Collected data

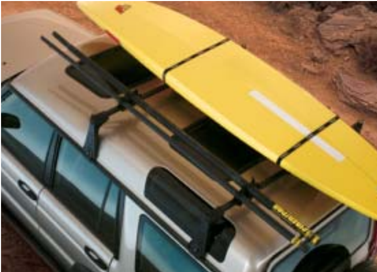
Sailboard carrier for sports bars STC8435
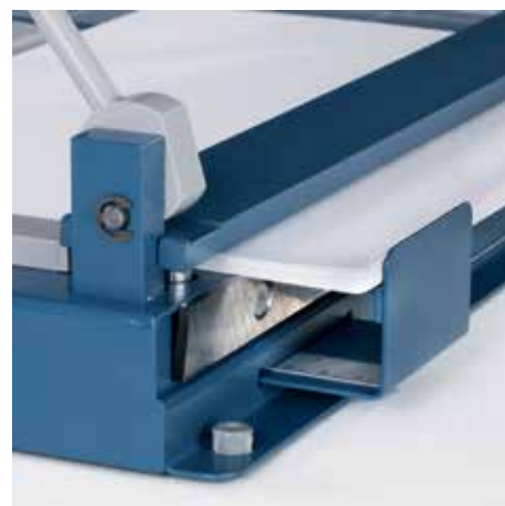
Powerful performance from Dahle model 564 for cutting up to 50 sheets
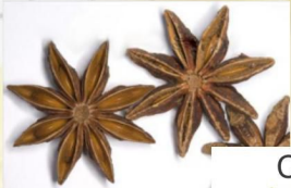
Star aniseed HOA HÒI

Delivering Best Performance Of Vegetable Processing
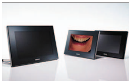
Fig. 22 Digital picture frames
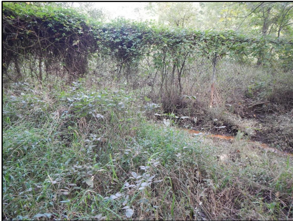
Wetland 11DD - PEM
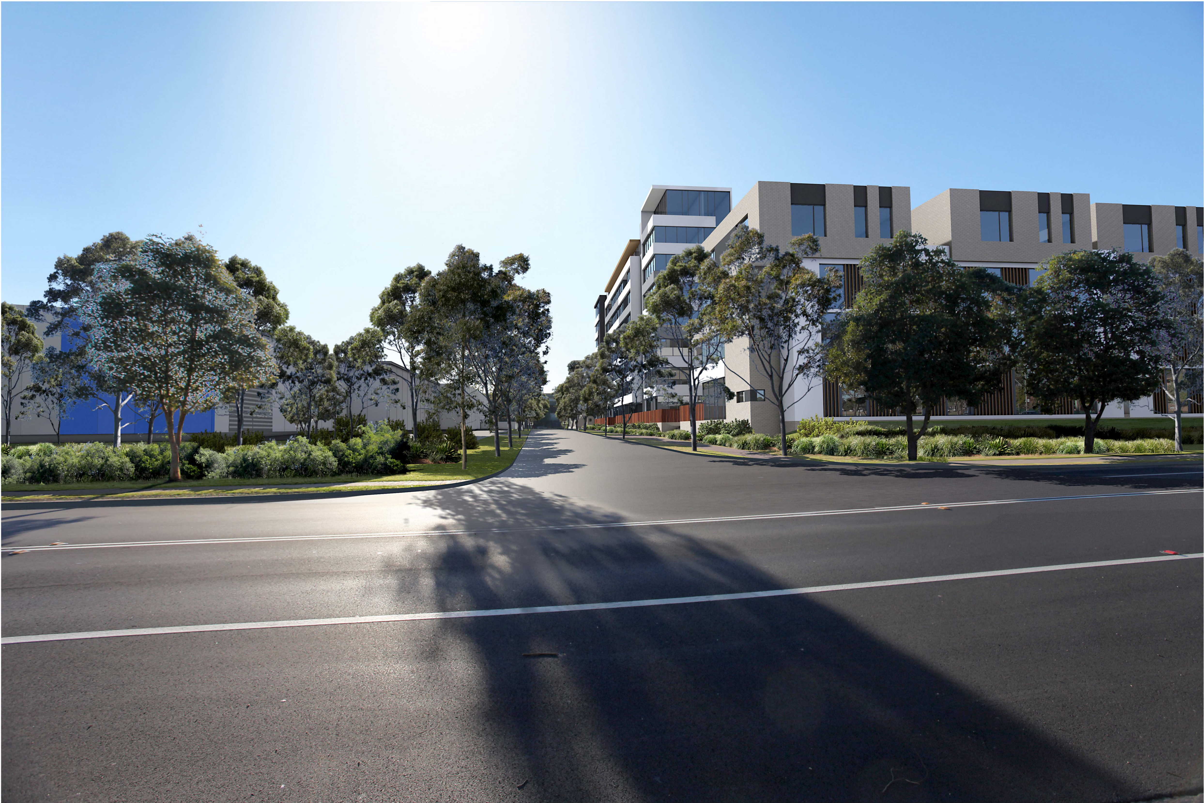
VIEW ALONG NEW STREET FROM WOODRIF STREET
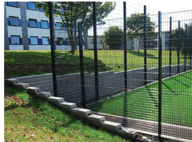
SlopeLoc system forming a 90° corner.

- Problem details:
Retype all of the data above word for word, excluding the pictures.

- Solution for this problem:
Sailboard carrier for sports bars STC8435
Powerful performance from Dahle model 564 for cutting up to 50 sheets
Star aniseed HOA HÒI

Delivering Best Performance Of Vegetable Processing
Fig. 22 Digital picture frames
Wetland 11DD - PEM
VIEW ALONG NEW STREET FROM WOODRIF STREET
SlopeLoc system forming a 90° corner.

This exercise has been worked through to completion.